Oddly, in Eastern Europe the effect was almost the opposite. Landowners actually increased their power and range, and gradually forced the surviving peasantry into a tighter bondage, known to historians as ‘the second serfdom’. This was possible because the landowners of eastern Europe, which had come to feudalism later, had been slightly more powerful and entrenched before the plague arrived. The cities of today’s Poland, eastern Germany and Hungary were less populous and powerful than the wool-trading, wine-trading mercantile towns of northern Italy and England. The advances in legal rights and the power of the guilds in Western Europe may not have been dramatic by modern standards, but they were enough to tilt the advantage against the nobility when labour was scarce. In the east, the aristocracy was more ruthless and faced less resistance from the scattered peasantry. So a modest difference in the balance of power, suddenly exagger
ated by the social disruption of the Black Death, caused wildly divergent changes that would result for centuries in Western Europe being more advanced and socially complicated than the similar-looking land directly to the east.39
France and Holland would influence the entire world; Poland and the Czech lands would influence only the world immediately around them.

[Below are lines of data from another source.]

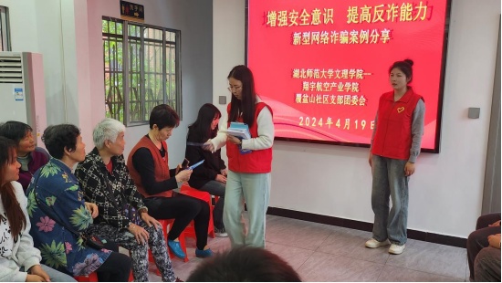 2024年4月19日下午,黄石港区覆盆山社区与米兰体育网页版翔宇航空产业学院联合开展志愿者服务活动,对社区内居民进行了反诈骗教育活动和反邪教知识宣讲。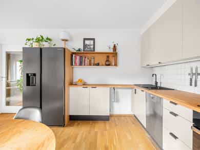 Kjøleskap og integrerte hvitevarer på kjøkken medfølger.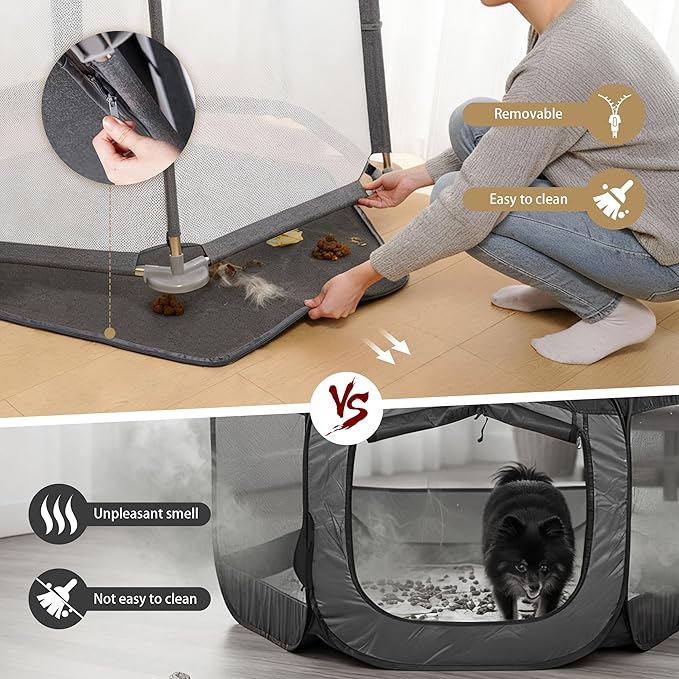 - 【Discreet Zipper, Easy Wash】Our indoor dog playpen has a discreet bottom zipper (a major upgrade from basic pet pens). Just unzip to remove the bottom panel and toss it in the wash — perfect for puppy food spills, whelping stains, or dust. Keeps your pet’s space fresh without the hassle.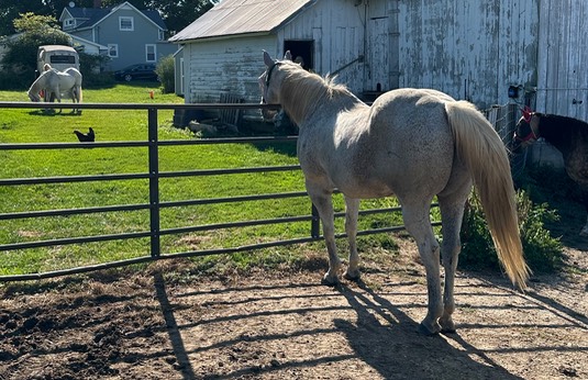 Indira is waiting for Chezzie to leave his stall, so she can have his leftovers:

These effects were, of course, invisible to those who lived through the ravages of the plague, which would return at intervals for centuries to come. In the first and particularly horrific visitation, cities became ghostly spectres of their once lively selves. Entire villages emptied, leaving their fields to return to weed and woodland. Religious mania and extremism flourished, and a dark view of the end times for Christian people became deeply engrained. Authorities tottered. Crafts and skills declined. The papacy shook. On the other side of Eurasia, the glory of Song China crumbled, and the peasants, there too, revolted. Marco’s message of hope echoed in vain among peoples who were not yet strong enough to reach out and join hands.
Sailing from Byzantium
Here is how it finished. There were fourteen miles of wall protecting Constantinople, said to be the greatest city in Christendom. But inside the walls, among the multicoloured churches, the ancient Roman monuments and spacious squares, there were now so few people living that parts of the city had been turned back into farmland. In the 500s, this had been the largest city in the Western world, with half a million inhabitants. By the 1200s there were still four hundred thousand people there, and its wealth awed observers. The French Crusader Geoffroi de Villehardouin spoke of ‘those high ramparts and the strong towers . . . the splendid palaces and the soaring churches’. The Crusaders, he said, ‘never thought that there could be so rich and powerful a place on earth’. Not long afterwards, a Muslim merchant called Abdullah reported that it took a whole morning to cross Constantinople from side to side, and that it had almost one hundred thousand churches.40 Yet by 1453, for Constantinople’s last stand, to man those walls the last emperor Constantine XI Palaeologus had only around seven thousand able-bodied men left.